Aim of the exercise >> Since the records include pictures, leave those out while you reproduce exactly and only the lines from the one containing "Beige Soft Cotton" through the one containing "Просто доброе фото: двое", inclusive.

Supplied records Block Start

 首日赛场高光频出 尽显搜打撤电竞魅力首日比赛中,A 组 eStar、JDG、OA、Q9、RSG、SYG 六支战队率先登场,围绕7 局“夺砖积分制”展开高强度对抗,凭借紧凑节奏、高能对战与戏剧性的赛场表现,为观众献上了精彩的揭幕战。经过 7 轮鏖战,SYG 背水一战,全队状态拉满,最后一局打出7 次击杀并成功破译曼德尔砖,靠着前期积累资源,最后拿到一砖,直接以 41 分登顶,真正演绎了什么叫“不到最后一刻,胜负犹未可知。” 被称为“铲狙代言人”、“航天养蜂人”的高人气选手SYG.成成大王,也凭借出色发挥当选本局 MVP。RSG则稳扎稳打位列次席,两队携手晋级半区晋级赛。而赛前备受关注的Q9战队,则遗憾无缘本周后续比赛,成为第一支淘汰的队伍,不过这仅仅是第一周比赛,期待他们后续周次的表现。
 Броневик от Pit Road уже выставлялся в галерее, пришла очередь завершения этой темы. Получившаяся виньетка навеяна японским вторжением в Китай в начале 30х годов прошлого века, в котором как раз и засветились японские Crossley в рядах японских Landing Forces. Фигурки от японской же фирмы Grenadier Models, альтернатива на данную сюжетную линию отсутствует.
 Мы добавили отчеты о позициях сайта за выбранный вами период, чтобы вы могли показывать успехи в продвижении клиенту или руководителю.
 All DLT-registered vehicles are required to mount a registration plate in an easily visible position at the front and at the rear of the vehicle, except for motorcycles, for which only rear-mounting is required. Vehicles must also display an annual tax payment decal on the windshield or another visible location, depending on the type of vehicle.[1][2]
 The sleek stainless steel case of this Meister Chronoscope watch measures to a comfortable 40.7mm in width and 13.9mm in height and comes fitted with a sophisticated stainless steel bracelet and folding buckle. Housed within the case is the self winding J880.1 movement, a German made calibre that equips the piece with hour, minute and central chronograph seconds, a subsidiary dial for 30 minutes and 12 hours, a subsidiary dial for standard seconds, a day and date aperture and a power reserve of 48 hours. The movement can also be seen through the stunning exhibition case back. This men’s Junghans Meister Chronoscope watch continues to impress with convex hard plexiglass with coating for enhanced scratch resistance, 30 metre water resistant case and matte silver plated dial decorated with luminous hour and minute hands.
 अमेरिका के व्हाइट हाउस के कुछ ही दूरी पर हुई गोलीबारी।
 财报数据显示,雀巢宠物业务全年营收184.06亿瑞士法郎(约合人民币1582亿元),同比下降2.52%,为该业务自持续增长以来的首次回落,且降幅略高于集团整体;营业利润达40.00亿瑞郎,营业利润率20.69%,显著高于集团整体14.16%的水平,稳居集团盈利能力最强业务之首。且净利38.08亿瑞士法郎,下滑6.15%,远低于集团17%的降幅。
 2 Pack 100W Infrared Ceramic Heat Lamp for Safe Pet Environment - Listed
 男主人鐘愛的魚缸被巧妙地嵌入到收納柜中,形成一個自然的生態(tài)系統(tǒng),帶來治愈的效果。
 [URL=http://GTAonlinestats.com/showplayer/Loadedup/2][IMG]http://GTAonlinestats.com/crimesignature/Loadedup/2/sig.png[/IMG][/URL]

Supplied records Block End
Supplied records Block Start

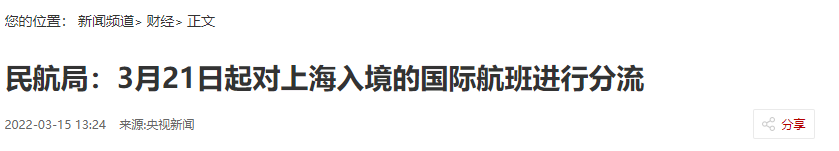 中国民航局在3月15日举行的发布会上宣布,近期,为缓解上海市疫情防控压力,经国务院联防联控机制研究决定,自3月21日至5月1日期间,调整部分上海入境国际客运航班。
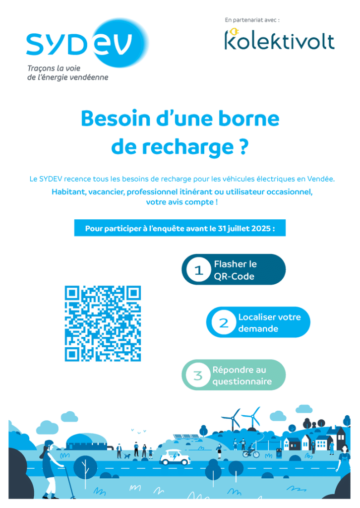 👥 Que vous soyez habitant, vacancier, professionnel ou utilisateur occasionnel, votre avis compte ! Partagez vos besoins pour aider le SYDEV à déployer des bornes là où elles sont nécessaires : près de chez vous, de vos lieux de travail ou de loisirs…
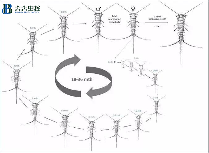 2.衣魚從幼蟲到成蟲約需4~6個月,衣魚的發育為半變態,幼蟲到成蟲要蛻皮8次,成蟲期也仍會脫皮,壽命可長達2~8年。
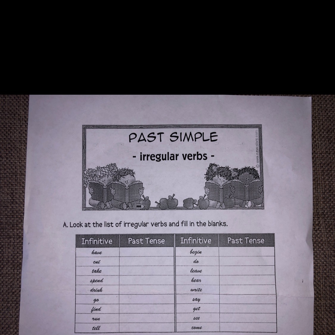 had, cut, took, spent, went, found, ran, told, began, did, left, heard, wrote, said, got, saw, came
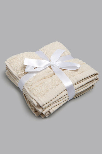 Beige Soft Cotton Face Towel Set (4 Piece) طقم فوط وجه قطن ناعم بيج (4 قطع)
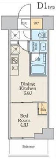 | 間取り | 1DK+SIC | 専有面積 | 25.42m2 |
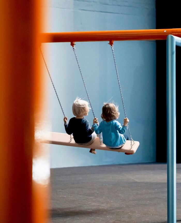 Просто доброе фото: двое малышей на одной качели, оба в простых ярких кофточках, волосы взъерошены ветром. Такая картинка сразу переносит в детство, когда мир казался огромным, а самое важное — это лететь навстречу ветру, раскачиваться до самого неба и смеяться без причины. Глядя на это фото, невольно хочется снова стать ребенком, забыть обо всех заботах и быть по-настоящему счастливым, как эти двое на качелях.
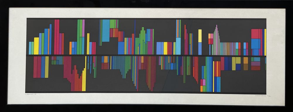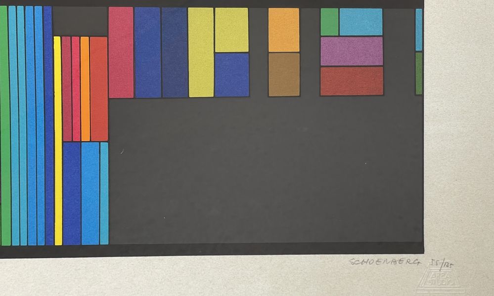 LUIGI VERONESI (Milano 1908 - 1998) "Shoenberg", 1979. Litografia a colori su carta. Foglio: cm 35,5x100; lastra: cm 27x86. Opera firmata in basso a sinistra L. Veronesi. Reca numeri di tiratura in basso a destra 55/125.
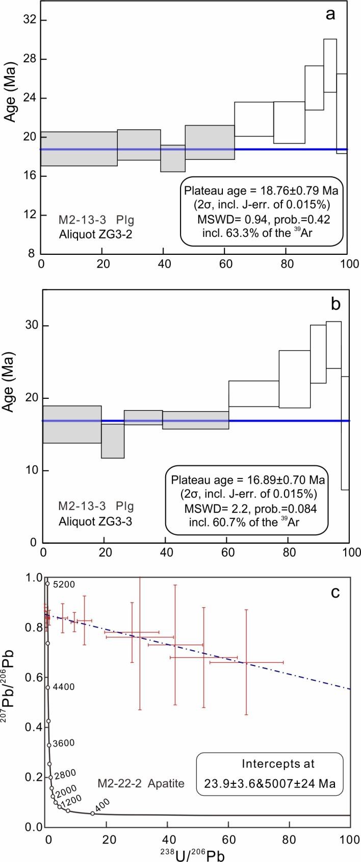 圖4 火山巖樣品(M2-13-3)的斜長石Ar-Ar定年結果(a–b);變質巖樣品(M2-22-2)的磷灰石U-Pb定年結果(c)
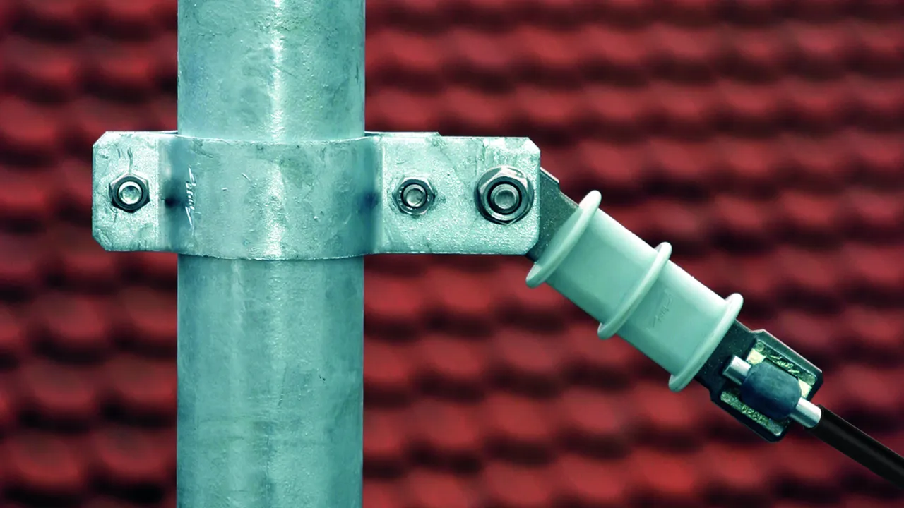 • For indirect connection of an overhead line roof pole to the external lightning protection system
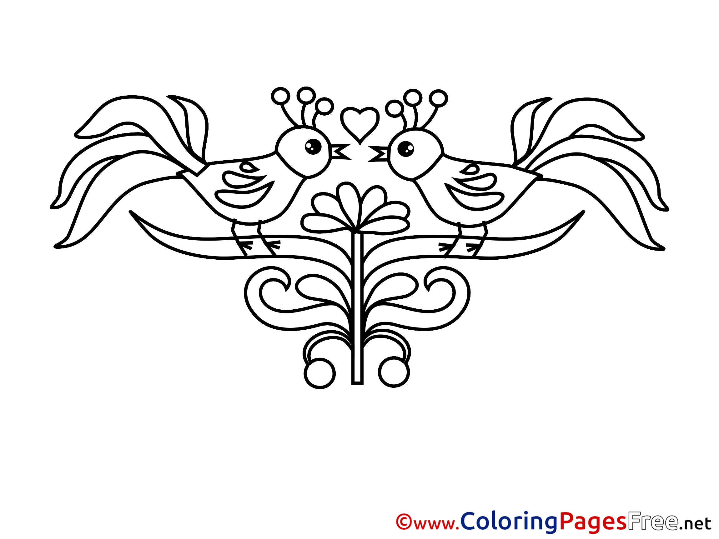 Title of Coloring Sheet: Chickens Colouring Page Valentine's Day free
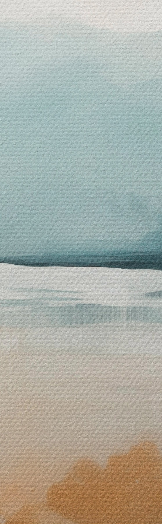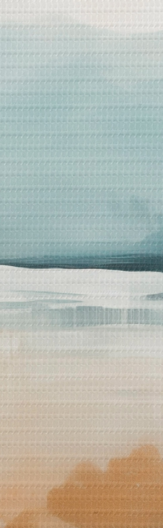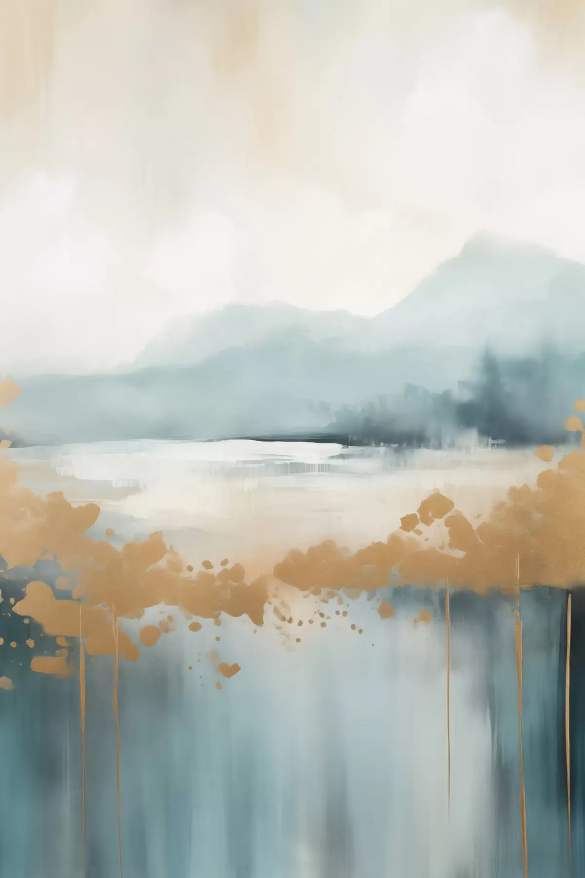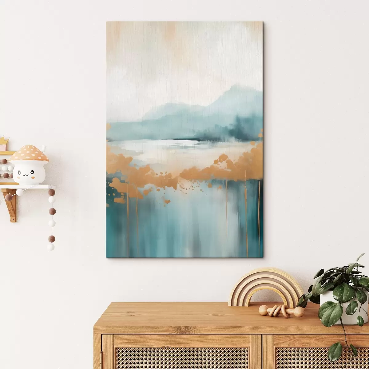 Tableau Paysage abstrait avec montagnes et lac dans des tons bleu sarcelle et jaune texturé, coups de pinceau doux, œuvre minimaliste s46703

Supplied records Block End

Solved problem >>
 Beige Soft Cotton Face Towel Set (4 Piece) طقم فوط وجه قطن ناعم بيج (4 قطع)
 | 間取り | 1DK+SIC | 専有面積 | 25.42m2 |
 Просто доброе фото: двое малышей на одной качели, оба в простых ярких кофточках, волосы взъерошены ветром. Такая картинка сразу переносит в детство, когда мир казался огромным, а самое важное — это лететь навстречу ветру, раскачиваться до самого неба и смеяться без причины. Глядя на это фото, невольно хочется снова стать ребенком, забыть обо всех заботах и быть по-настоящему счастливым, как эти двое на качелях.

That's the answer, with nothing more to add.